Neuropsychologic CR programs

Gehring et al. [24] conducted a randomized controlled trial (RCT) investigating the effectiveness of a CR program conducted by a neuropsychologist with compensatory strategies for memory, executive functioning, and attention as well as an attention-based computer program in survivors of gliomas. Directly after treatment, there were no group differences in verbal memory or attention scores; however, at the 6-month follow-up, there was improvement in objective neuropsychologic measures of verbal memory and attention, but no significant group differences for the rest of the self-report measures. A significant group difference was also seen in the combined attention tests and the combined tests of verbal memory after 6-months of follow-up. Furthermore, a significant difference was observed in the percentage of patients who did not meet the cognitive impairment criteria at the 6-month follow-up in the intervention group compared to the control group (39% vs. 21%). Directly after treatment, significant differences were observed in self-reported cognitive functioning; however, these differences did not persist at 6 months post-assessment follow-up. Maintenance of self-reported cognitive functioning was observed in the intervention group; however, the control group had continued gains as time passed.

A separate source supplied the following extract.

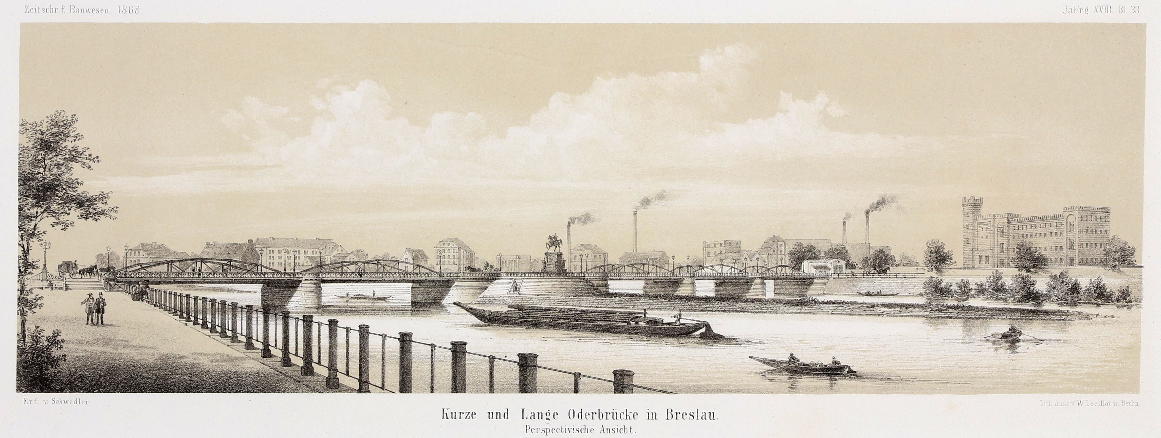 WROCŁAW. Most Uniwersytecki – wizualizacja projektu autorstwa J.W. Schwedlera; lit. W. Loeillot, 1868; lit. tonowana, st. bdb., przetarcia w narożnikach; wym. widoku 387x127 mm; Kurze und Lange Oderbrücke in Breslau. Perspectivische Ansicht; BARDZO RZADKIE!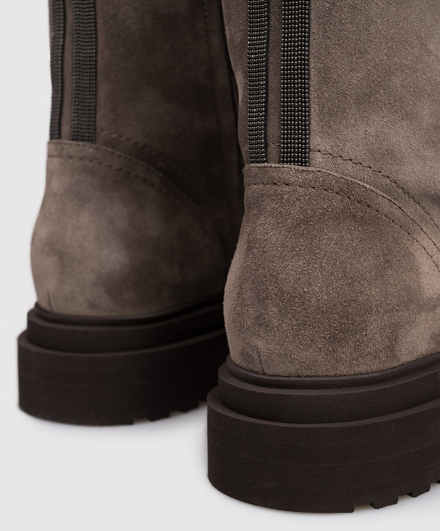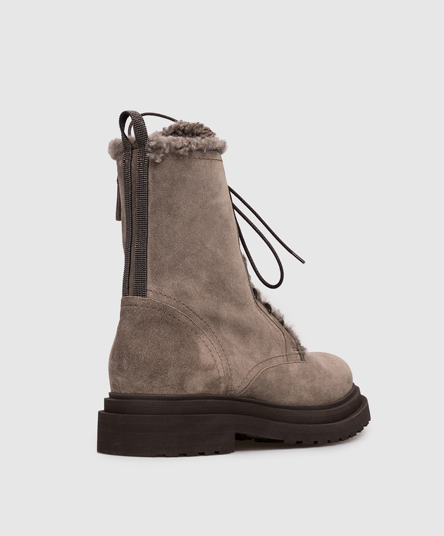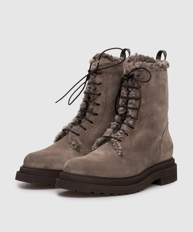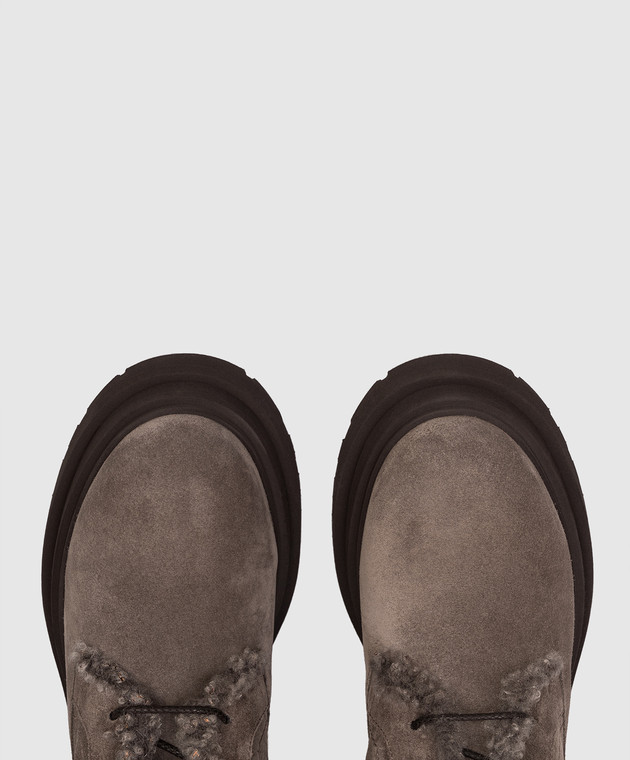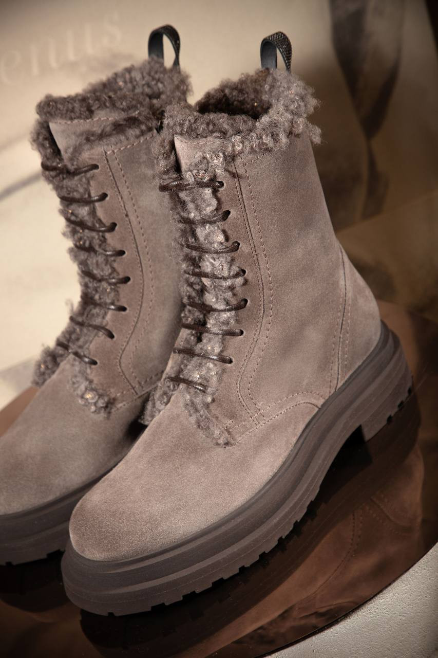 Сірі замшеві черевики на хутрі з ланцюжком моніль

In a follow-up study, greater age, increased duration of disease (dichotomized: 0.525 years/0.5 years), epileptic seizures in the previous year, and comorbid conditions were associated with poor outcomes of the multifaceted CR program; however, on regression analysis, younger age and higher education were the only predictors of reliable improvement. Additional variables including epileptic seizures, comorbidity, and disease duration did not bring about significant improvements in the model [25].

CR was also investigated by Locke et al. [26]. They reported that most participants and their caregivers (88%; n=7/8) identified that the intervention was “very helpful” or “somewhat helpful” and would recommend it to another BT patient. The QoL scores improved on the follow-up, however, there was no significant difference when compared with the control group. There was a tendency for improvement, however, not statistically significant, in the functional status of both groups reported by the patients and caregivers.

Holistic mnemonic training, based on a “holistic form of memory empowerment” (Supplmentary Table 1 in the online-only Data Supplement) was investigated by Hassler et al. [1]. Every aspect of mental activity is addressed separately in each session via exercises designed to train concentration, perception, memory, attention, verbal memory, creativity, and retentiveness. Apart from verbal memory, no other significant change was reported at follow-up when compared to baseline.

Richard et al. [27] recruited patients expressing cognitive concerns and divided them into those who were given goal management training, those enrolled in a brain health program, and a control group receiving passive training (Supplmentary Table 1 in the online-only Data Supplement). Executive functions were reported to improve in the goal management training group only. Fewer cognitive concerns were reported by both groups. Functional goal attainment was highest with goal management training.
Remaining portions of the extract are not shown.